On Tue, Jun 20, 2017 at 10:53:35AM +0200, Jason A. Donenfeld wrote: > > Suppressing all messages for all configurations cast a wider net than > > necessary. Configurations that could potentially be detected and fixed > > likely will go unnoticed. If the problem is not brought to light, then > > it won't be fixed. > > I more or less agree with you that we should just turn this on for all > users and they'll just have to live with the spam and report odd > entries, and overtime we'll fix all the violations. Fix all the problems *how*? If you are on an old system which doesn't a hardware random number generator, and which doesn't have a high resolution cycle counter, and may not have a lot of entropy easily harvestable from the environment, there may not be a lot you can do.

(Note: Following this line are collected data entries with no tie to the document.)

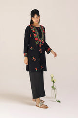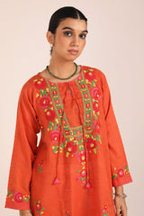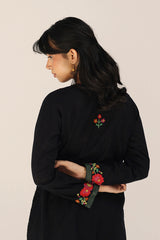 A handcrafted Ralli applique shirt with a keyhole neckline and dori tassel details. Finished with applique work and embroidered booti motifs on the sleeves. Can be paired with any Generation lowers for a complete cohesive look..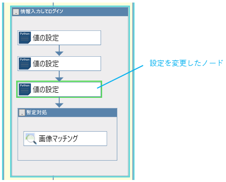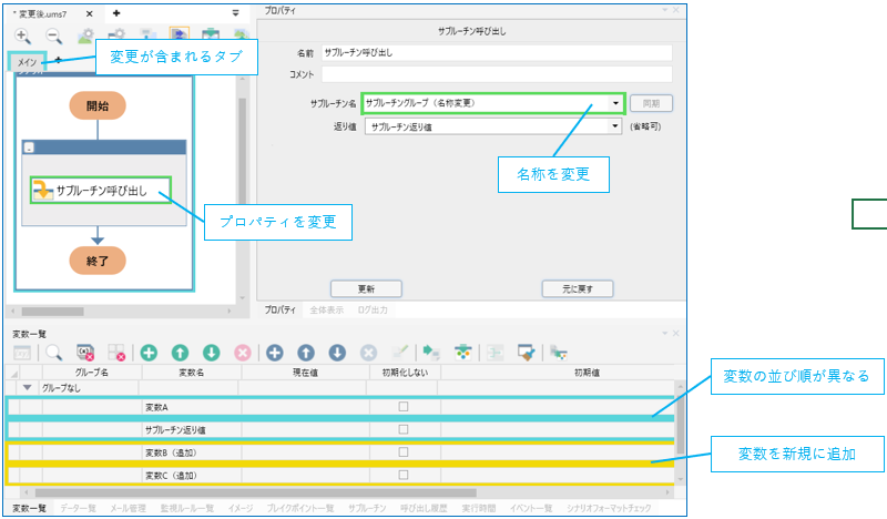 | 変更 | 緑 | 比較対象のシナリオ内には存在しているが、設定内容が変更されていると判定された要素は緑色の枠線で表示されます。ユーザがプロパティ画面で視認することが容易な項目は変更として表示します。 |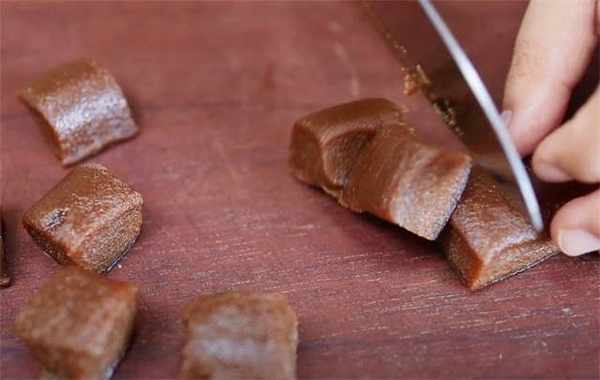 8.脱模的时候,直接把它撕扯下来就可以了,这样我们的姜汁软糖就做好了。
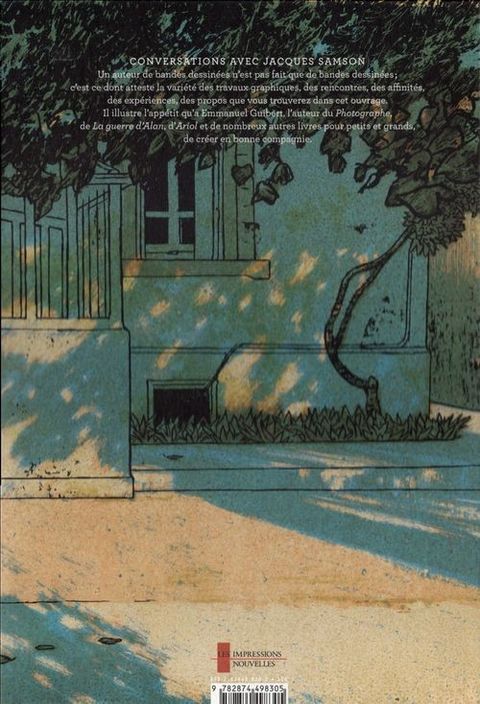 CONVERSATIONS AVEC JACQUES SAMSON Un auteur de bandes dessinées n'est pas fait que de bandes dessinées ; c'est ce dont atteste la variété des travaux graphiques, des rencontres, des affinités, des expériences, des propos que vous trouverez dans cet ouvrage. Il illustre l'appétit qu'a Emmanuel Guibert, l'auteur du Photographe, de La guerre d'Alan, d'Ariol et de nombreux autres livres pour petits et grands, de créer en bonne compagnie.
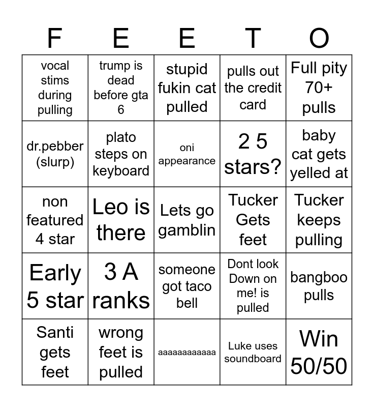 This bingo card has a free space and 29 words: Santi gets feet, Weapon pull, Leo is there, alice still hasnt eaten her food, vocal stims during pulling, stupid fukin cat pulled, plato steps on keyboard, 3 A ranks, Tucker Gets feet, wrong feet is pulled, Tucker keeps pulling, Win 50/50, aaaaaaaaaaaa, Luke uses soundboard, baby cat gets yelled at, Ivan pulls, someone got taco bell, Early 5 star, Full pity 70+ pulls, non featured 4 star, Dont look Down on me! is pulled, Lose 50/50, 2 5 stars?, dr.pebber (slurp), pulls out the credit card, trump is dead before gta 6, bangboo pulls, oni appearance and somebody redownloads the game.

Sure, you can pretend that the cache (which by the way is usually determinstic) is ***so*** complicated that no one can figure it out, and essentially pretend that you have entropy when you probably don't; that just simply becomes a different way of handwaving and suppressing the warning messages. > But I think there's another camp that would mutiny in the face of this > kind of hubris. Blocking the boot for hours and hours until we have enough entropy to initialize the CRNG is ***not*** an acceptable way of making the warning messages go away. Do that and the users **will** mutiny. It's this sort of attitude which is why Linus has in the past said that security people are sometimes insane.... - Ted
On Tue, Jun 20, 2017 at 5:36 AM, Theodore Ts'o <tytso@mit.edu> wrote: > On Tue, Jun 20, 2017 at 10:53:35AM +0200, Jason A. Donenfeld wrote: >> > Suppressing all messages for all configurations cast a wider net than >> > necessary. Configurations that could potentially be detected and fixed >> > likely will go unnoticed. If the problem is not brought to light, then >> > it won't be fixed. >> >> I more or less agree with you that we should just turn this on for all >> users and they'll just have to live with the spam and report odd >> entries, and overtime we'll fix all the violations. > > Fix all the problems *how*? If you are on an old system which doesn't > a hardware random number generator, and which doesn't have a high > resolution cycle counter, and may not have a lot of entropy easily > harvestable from the environment, there may not be a lot you can do. > Sure, you can pretend that the cache (which by the way is usually > determinstic) is ***so*** complicated that no one can figure it out, > and essentially pretend that you have entropy when you probably don't; > that just simply becomes a different way of handwaving and suppressing > the warning messages. > >> But I think there's another camp that would mutiny in the face of this >> kind of hubris. > > Blocking the boot for hours and hours until we have enough entropy to > initialize the CRNG is ***not*** an acceptable way of making the > warning messages go away. Do that and the users **will** mutiny. > > It's this sort of attitude which is why Linus has in the past said > that security people are sometimes insane.... I don't believe it has anything to do with insanity. Its sound security engineering. Are there compelling reasons a single dmesg warning cannot be provided? A single message avoids spamming the logs. It also informs the system owner of the problem. An individual or organization can then take action based on their risk posture. Finally, it avoids the kernel making policy decisions for a user or organization. Jeff
On Tue, Jun 20, 2017 at 11:36 AM, Theodore Ts'o <tytso@mit.edu> wrote: >> But I think there's another camp that would mutiny in the face of this >> kind of hubris. > > Blocking the boot for hours and hours until we have enough entropy to > initialize the CRNG is ***not*** an acceptable way of making the > warning messages go away. Do that and the users **will** mutiny. > > It's this sort of attitude which is why Linus has in the past said > that security people are sometimes insane.... Uh, talk about a totally unnecessary punch... In case my last email wasn't clear, I fully recognize that `default y` is a tad too extreme, which is why from one of the earliest revisions in this series, I moved directly to the compromise solution (`depends DEBUG_KERNEL`) without even waiting for people to complain first.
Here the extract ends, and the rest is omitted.